CRANIOTOMIA PRÉ‑HISTÓRICA

CRANIOTOMIA PRÉ‑HISTÓRICA

 

 

CRANIOTOMIA REALIZADA HÁ 10.000 ANOS

Prof.Dr.HC João Bosco Botelho

 

Quaisquer que tenham sido os motivos que levaram o homem pré-histórico a praticar a craniotomia, no Neolítico, há mais ou menos 10.000 anos, não podem estar dissociados, sob nenhum argumento, da imemorial luta do homem contra o sofrimento, onde a solidariedade entre os componentes do grupo estabeleceu as bases da sobrevivência.

Muitos achados confirmam a solidariedade entre os nossos ancestrais distantes. Um deles é representado pelos ossos achados na caverna La Lave, na França, de um homem pré‑histórico, que sofreu  ferimento perfurante de uma lança com ponta de pedra, pela frente, no osso sacro, no final da coluna. Esse hominídeo sobreviveu muito tempo após a ajuda de alguém que arrancou parte externa do objeto perfurante e deixou a haste pontiaguda de pedra encravada  no osso. O tempo que a vítima viveu depois do ferimento pode ser calculado, com aproximação, a partir da regeneração óssea em torno do ferimento no osso. Outros registros asseguram a existência de indivíduos que se especializaram, no seio do grupo, para tratar as  doenças e diminuir o sofrimento.

Permanece como um marco  nas atitudes do homem na busca dos mistérios do corpo, os crânios trepanados na pré‑história. Os crânios foram abertos em diferentes lugares da Europa, da Ásia e da África, em certa forma de modo semelhante aos procedimentos cirúrgicos atuais.

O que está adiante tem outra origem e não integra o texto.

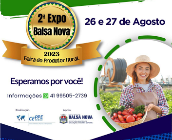 Nos dias 26/08 e 27/08, das 8h às 18h, o Centro de Eventos de Balsa Nova recebe a 2ª edição da Expo Balsa Nova.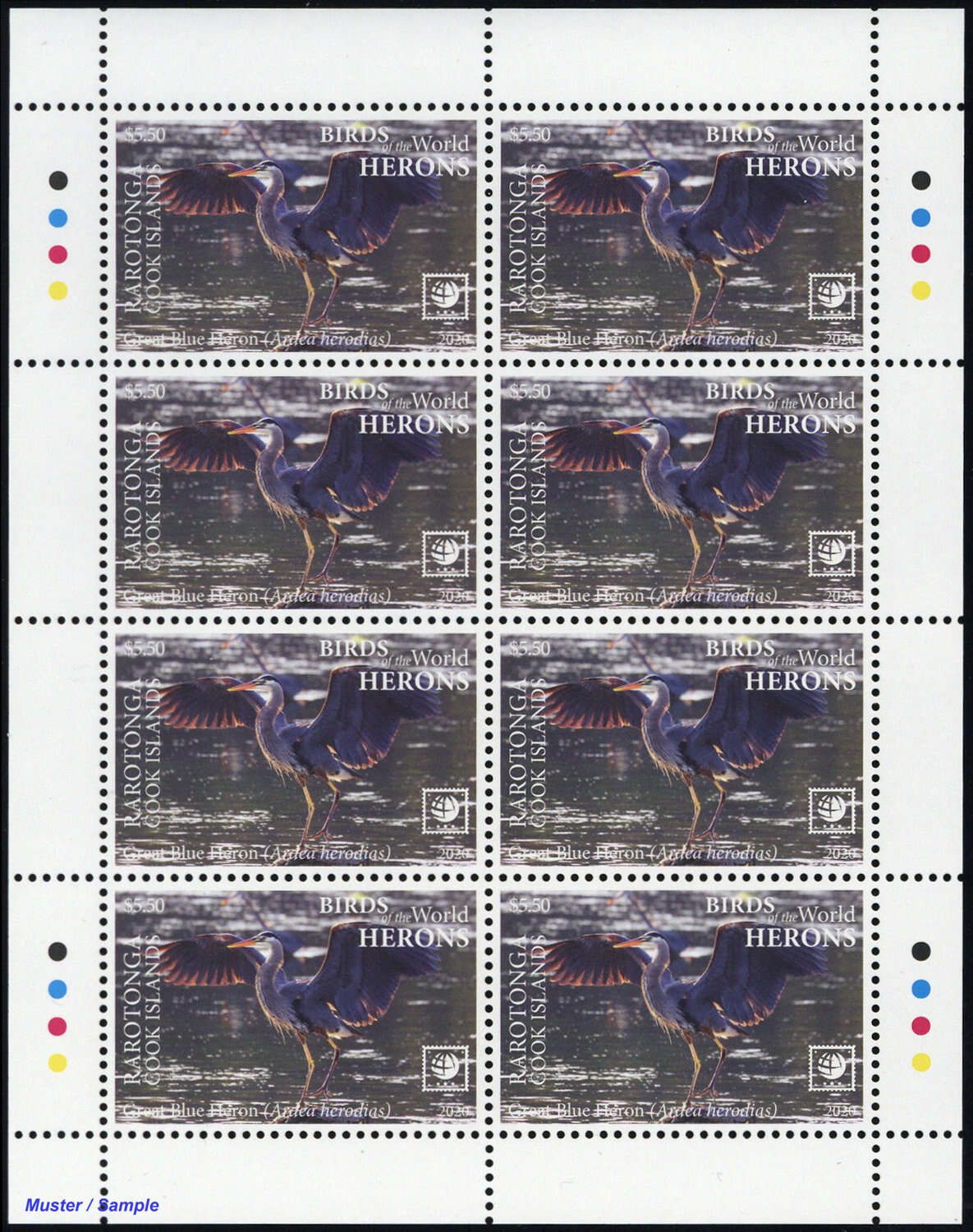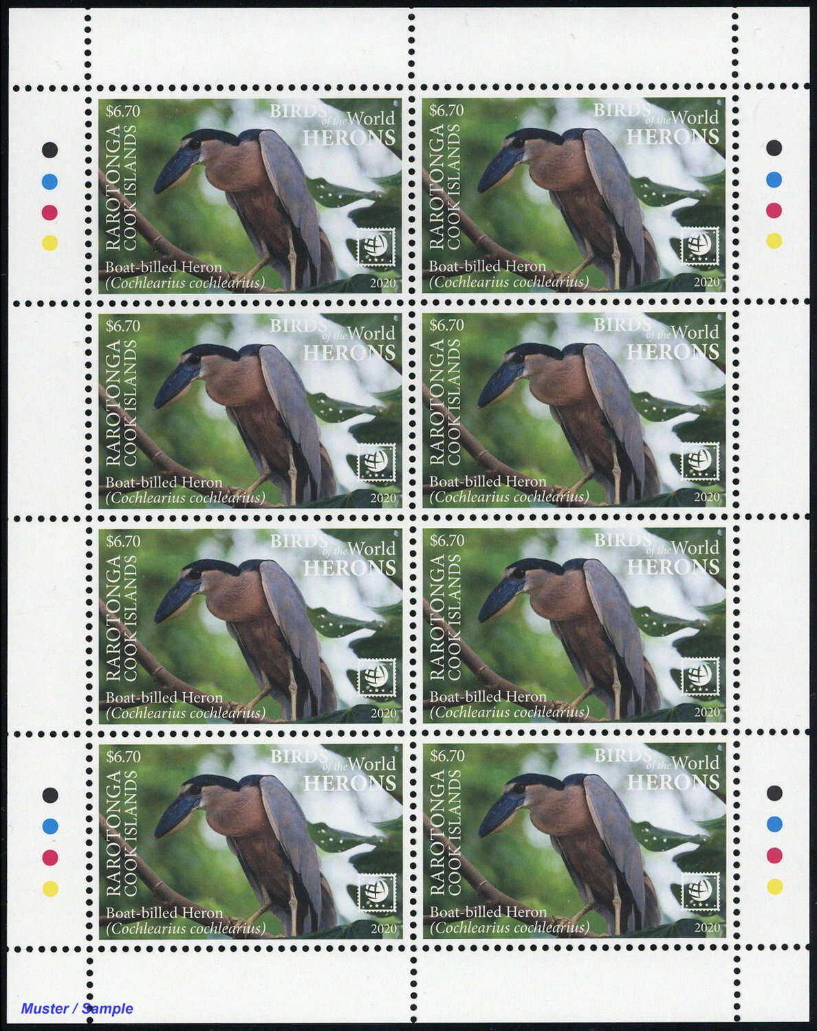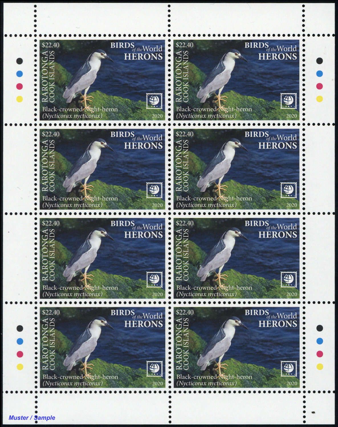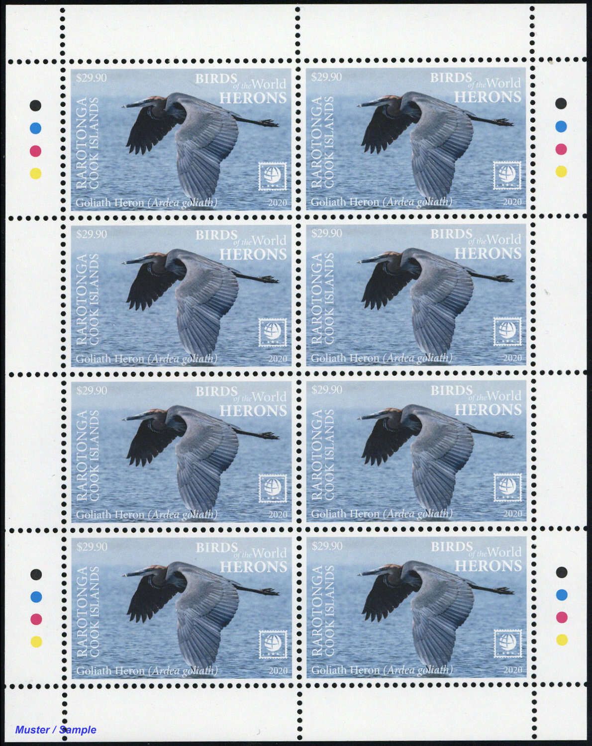 2020, 4 Kleinbogen Reiher (Kanadareiher, Kahnschnabel, Nachtreiher und Goliathreiher) mit insgesamt 8 Sätzen in postfrischer Erhaltung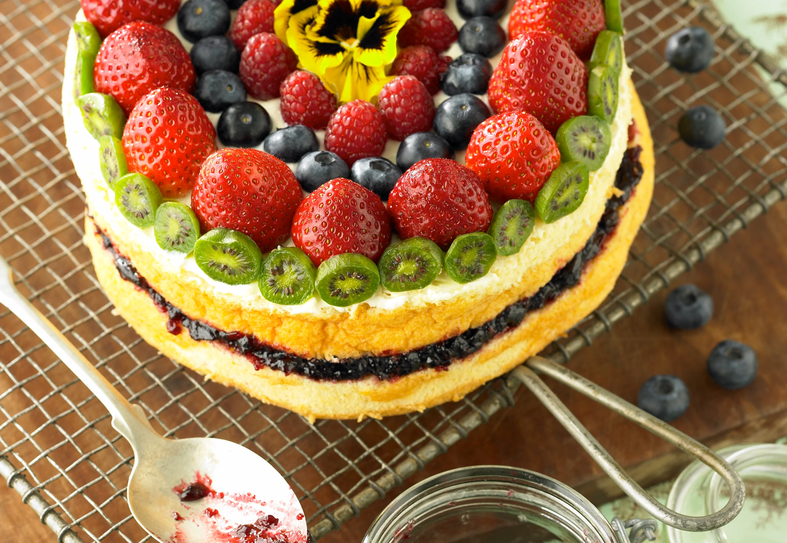 - Torte durchschneiden, mit Marmelade füllen, mit geschlagenem Obers bestreichen. Früchte putzen, evtl. in Stücke schneiden, mit Orangenlikör vermischen. Torte mit den Früchten garnieren.

Muitos indivíduos submetidos às trepanações sobreviveram vários anos após a cirurgia, o suficiente para que   as bordas do osso cortado se regenerassem parcialmente

O local escolhido do acesso para cortar os espessos ossos cranianos parece ter tido uma significação específica. Alguns povos faziam a craniotomia do osso temporal, outros do parietal, retirando pedaços com formas geométricas diferentes, de poucos centímetros, até grandes aberturas, como a do crânio achado em Collombey‑Muraz, na Suíça, feito através da órbita direita, da qual o doente não sobreviveu à cirurgia.

A diversidade de como as craniotomias foram realizadas contribuiu para supor que eram muito difundidas e fizeram parte de um conjunto maior de intervenções  do  homem no  homem, assinalando um momento específico na luta contra a dor e o sofrimento dos entes queridos. O “médico”, naquele momento, deixou de ser mero espectador para   tentar mudar, com a sua  ação, o curso de um acontecimento na saúde.

Não importa aqui qual tenha sido a principal motivação  para  que houvesse a concordância do “médico” e do “doente”, respectivamente, para fazer e aceitar a intervenção como necessária. O fato é que elas foram feitas e é muito pouco provável que tenham sido praticadas sob violência.

Essas cirurgias, feitas em grande número, há mais de 10 mil anos, encontraram a força necessária para a reprodução a partir do momento em que o homem desejou mudar o curso da vida, depois de reconhecer a   importância das funções vitais abrigadas na intimidade do cérebro.

Outro fato que nunca será completamente  explicado é  a razão pela qual a craniotomia foi utilizada, por diferentes povos da Europa, Ásia, África e, mais recente, pelas civilizações da América pré‑colombiana, sem que os grupos humanos tenham tido, aparentemente, conhecimento interétnico.

A freqüência dessa cirurgia, nos esqueletos estudados, surpreende ainda mais. No sítio   neolítico de Saint‑Martin‑la-Rivière, na Áustria, foram desenterrados sessenta crânios pré-históricos, dos quais cinco (8%) foram trepanados. Na cultura pré‑incaica, a Tiawanaku, e na incaica, as escavações arqueológicas não param de revelar as múmias, magnificamente conservadas, que foram submetidas à trepanação em vida.

É indispensável unir os elos disponíveis, para teorizar o entendimento de como atuaram certas associações simbólicas no aparecimento da trepanação pré‑histórica. O culto do crânio é um das mais importantes. O conhecimento empírico acumulado já era suficiente para dar ao homem neolítico a importância do conteúdo do crânio. A pancada na cabeça tinha conseqüências imediatas muito mais graves do que outra de semelhante intensidade  na perna. Essa observação forneceu a sedução para que os nossos ancestrais iniciassem  a compreensão do crânio com o seu conteúdo como parte sagrada do corpo.

A atenção do homem para o valor do cérebro na vida de relação pode ter sido suficiente para justificar o culto da sua estrutura protetora ‑ o crânio ‑ e a intencionalidade de abri‑lo, por meio das craniotomias, para conhecer e tomar posse dessas qualidades.